TypeScript at a Glance — A Language a Day, Advent Calendar Day 1/24

About this ‘A Language a Day’ Advent Calendar

Andrew Shitov. A Language a Day

This article became a part of my book ‘A Language a Day’, which you can get in both electronic and paper format. Languages covered in the book: C++, Clojure, Crystal, D, Dart, Elixir, Factor, Go, Hack, Hy, Io, Julia, Kotlin, Lua, Mercury, Nim, OCaml, Raku, Rust, Scala, and TypeScript.

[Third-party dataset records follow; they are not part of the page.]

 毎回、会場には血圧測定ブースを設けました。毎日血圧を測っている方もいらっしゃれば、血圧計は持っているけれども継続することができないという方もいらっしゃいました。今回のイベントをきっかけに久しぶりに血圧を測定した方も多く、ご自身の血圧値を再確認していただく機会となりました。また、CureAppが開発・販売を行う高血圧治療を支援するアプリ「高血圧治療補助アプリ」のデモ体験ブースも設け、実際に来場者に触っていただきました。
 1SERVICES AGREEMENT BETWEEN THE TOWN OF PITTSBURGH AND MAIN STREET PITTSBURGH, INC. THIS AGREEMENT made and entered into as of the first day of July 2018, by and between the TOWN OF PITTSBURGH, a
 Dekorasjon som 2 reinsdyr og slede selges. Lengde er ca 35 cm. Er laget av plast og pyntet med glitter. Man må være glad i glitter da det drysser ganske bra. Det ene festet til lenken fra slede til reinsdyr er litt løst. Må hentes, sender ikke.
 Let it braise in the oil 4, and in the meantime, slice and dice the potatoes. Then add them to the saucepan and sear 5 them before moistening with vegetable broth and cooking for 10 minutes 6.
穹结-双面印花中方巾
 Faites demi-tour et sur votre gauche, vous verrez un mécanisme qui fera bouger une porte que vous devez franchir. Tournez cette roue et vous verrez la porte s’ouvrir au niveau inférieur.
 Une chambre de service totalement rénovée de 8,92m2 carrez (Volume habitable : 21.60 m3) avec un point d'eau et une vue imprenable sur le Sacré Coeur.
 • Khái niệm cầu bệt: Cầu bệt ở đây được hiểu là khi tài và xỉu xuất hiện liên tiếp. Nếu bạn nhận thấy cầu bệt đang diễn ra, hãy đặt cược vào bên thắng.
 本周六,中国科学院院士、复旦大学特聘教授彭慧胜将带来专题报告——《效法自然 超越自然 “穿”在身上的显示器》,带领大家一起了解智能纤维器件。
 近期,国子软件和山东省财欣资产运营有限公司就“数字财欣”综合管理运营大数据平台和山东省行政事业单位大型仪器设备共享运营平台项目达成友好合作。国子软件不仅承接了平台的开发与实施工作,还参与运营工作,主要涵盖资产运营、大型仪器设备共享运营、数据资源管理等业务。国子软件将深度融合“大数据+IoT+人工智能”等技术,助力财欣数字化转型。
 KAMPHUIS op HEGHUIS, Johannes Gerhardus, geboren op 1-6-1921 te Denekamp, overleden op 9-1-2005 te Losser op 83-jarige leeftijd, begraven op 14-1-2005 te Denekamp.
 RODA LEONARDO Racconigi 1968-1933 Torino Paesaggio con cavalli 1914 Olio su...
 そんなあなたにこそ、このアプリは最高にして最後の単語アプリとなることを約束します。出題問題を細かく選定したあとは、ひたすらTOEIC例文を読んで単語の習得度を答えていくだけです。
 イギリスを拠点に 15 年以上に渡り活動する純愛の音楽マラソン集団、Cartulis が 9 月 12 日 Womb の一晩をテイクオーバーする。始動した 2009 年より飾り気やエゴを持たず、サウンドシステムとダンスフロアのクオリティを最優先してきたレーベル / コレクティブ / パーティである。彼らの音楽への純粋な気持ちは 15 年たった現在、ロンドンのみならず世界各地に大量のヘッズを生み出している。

Learn more where to get the book

Welcome to Day 1 of this year’s A Language a Day Advent Calendar. Today’s topic is introduction to the TypeScript programming language.

Facts about the language

Some facts about TypeScript:

  • TypeScript is a superset on top of JavaScript
  • The source code compiles to plain JavaScript
  • There is static type checking
  • Using types is optional
  • Appeared in 2012
  • Developed by Microsoft
  • Website: www.typescriptlang.org

Installing and running TypeScript

If you have node.js runtime installed on your computer, installing TypeScript is a single command:

$ npm install -g typescript

To compile the program, run its compiler:

$ tsc program.ts

This command generates a JavaScript file program.js that you can execute either directly from the command line, or via a web browser as you usually do with the JavaScript code. Here is how you run it via node.js in terminal:

$ node program.js

Hello, World!

Here is the minimal program that prints a phrase to the console.

console.log('Hello, World!');

Variables

You create variables by using one of the keywords: let or const. Actually, var is also available, but let it stay in JavaScript. So, let creates a variable, while const — a constant.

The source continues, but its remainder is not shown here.